START Collected data
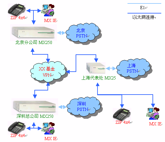 XX基金已經(jīng)建立總公司與分公司之間的VPN,在此基礎(chǔ)上建設(shè)IP語音系統(tǒng)能夠充分利用現(xiàn)有的VPN資源。
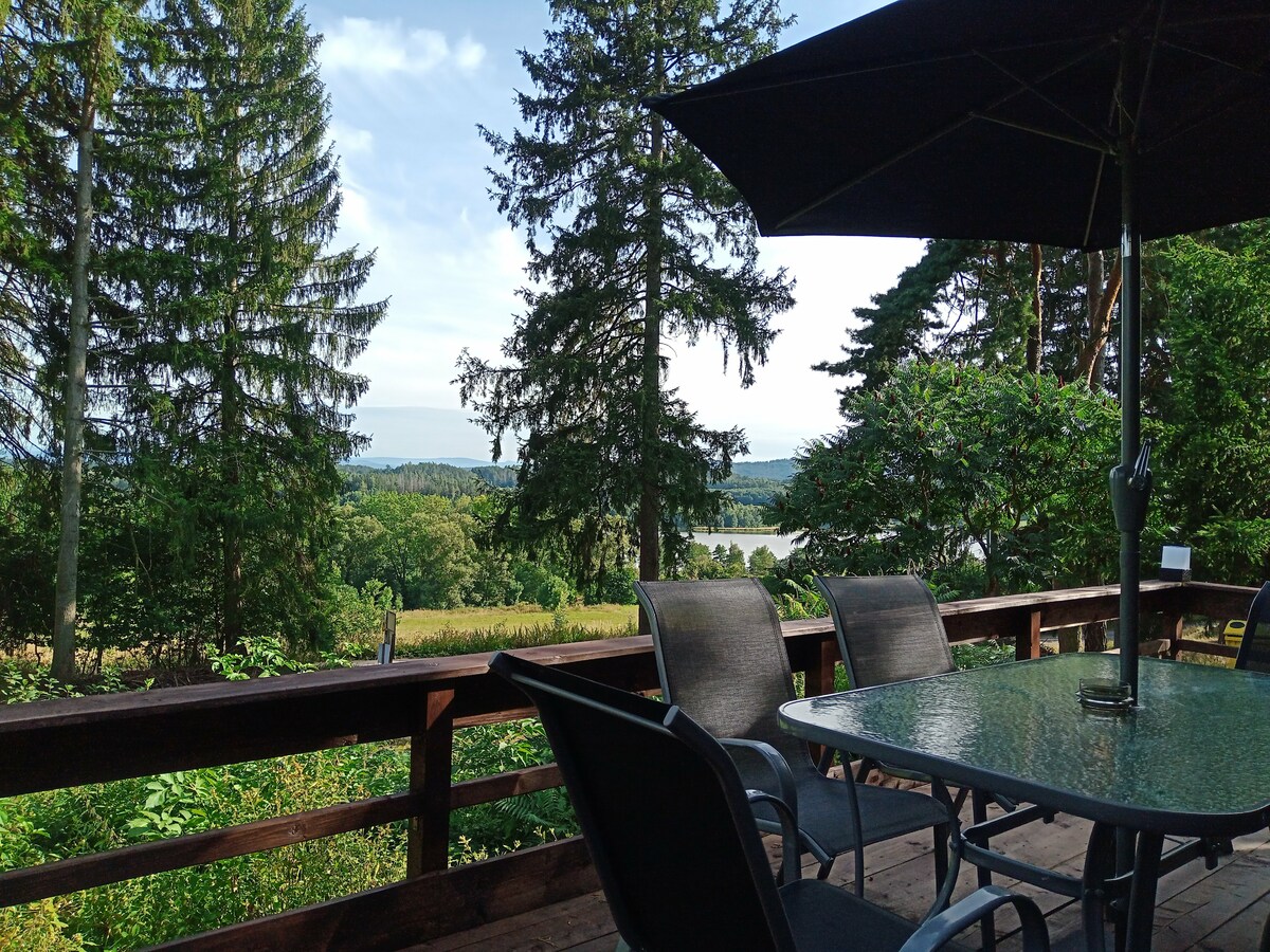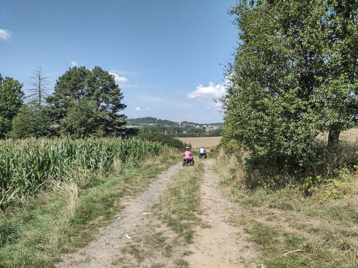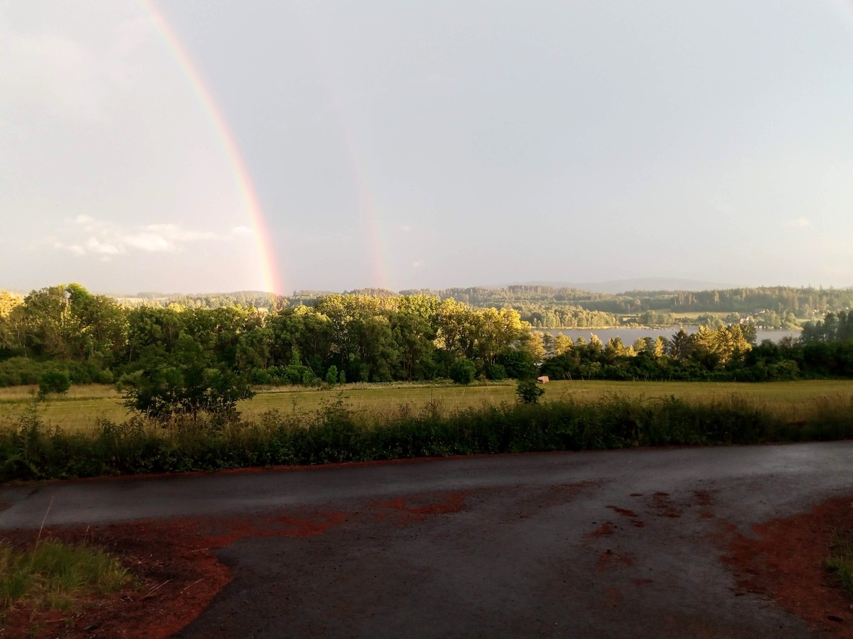 Pokaždé, když přijedeme na Hnačov, nemůžeme se nabažit úžasnou atmosférou místa a výhledem do kraje z naší osady. Je tady krásně vždycky!
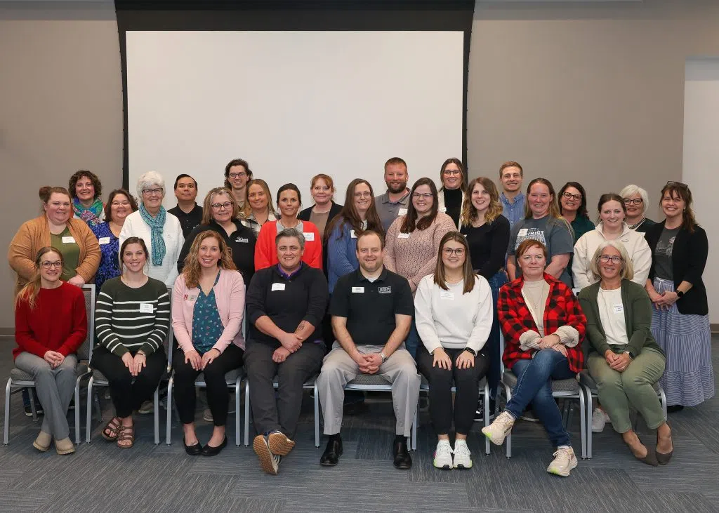 KNEW program participants gather for a group photo during a recent meeting on the UNK campus. Stakeholders from communities across the state are working with UNK, Nebraska Extension and Communities for Kids to enhance and expand the early childhood education workforce. (Photo by Erika Pritchard, UNK Communications)
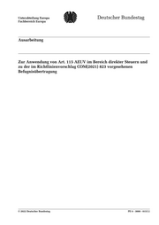 Unterabteilung Europa Ausarbeitung Seite 2 Fachbereich Europa PE 6 - 3000 - 015/22 Zur Anwendung von Art. 115 AEUV im Bereich direkter Steuern und zu der im Richtlinienvorschlag COM(2021) 823 vorgesehenen Befugnisübertragung Aktenzeichen: PE 6 - 3000 - 015/22 Abschluss der Arbeit: 25. März 2022 Fachbereich: PE 6: Fachbereich Europa Die Arbeiten des Fachbereichs Europa geben nicht die Auffassung des Deutschen Bundestages, eines seiner Organe oder der Bundestagsverwaltung wieder. Vielmehr liegen sie in der fachlichen Verantwortung der Verfasserinnen und Verfasser sowie der Fachbereichsleitung. Arbeiten des Fachbereichs Europa geben nur den zum Zeitpunkt der Erstel lung des Textes aktuellen Stand wieder und stellen eine individuelle Auftragsarbeit für einen Abgeordneten des Bun destages dar. Die Arbeiten können der Geheimschutzordnung des Bundestages unterliegen, geschützte oder andere nicht zur Veröffentlichung geeignete Informationen enthalten. Eine beabsichtigte Weitergabe oder Veröffentlichung ist vorab der Fachbereichsleitung anzuzeigen und nur mit Angabe der Quelle zulässig. Der Fachbereich berät über die da bei zu berücksichtigenden Fragen.
END Collected data
_Try it_:
Return only the lines from the start of the data through the line that contains "Pokaždé, když přijedeme", please, copying them exactly and omitting all pictures.

_Response area_:
 XX基金已經(jīng)建立總公司與分公司之間的VPN,在此基礎(chǔ)上建設(shè)IP語音系統(tǒng)能夠充分利用現(xiàn)有的VPN資源。
 Pokaždé, když přijedeme na Hnačov, nemůžeme se nabažit úžasnou atmosférou místa a výhledem do kraje z naší osady. Je tady krásně vždycky!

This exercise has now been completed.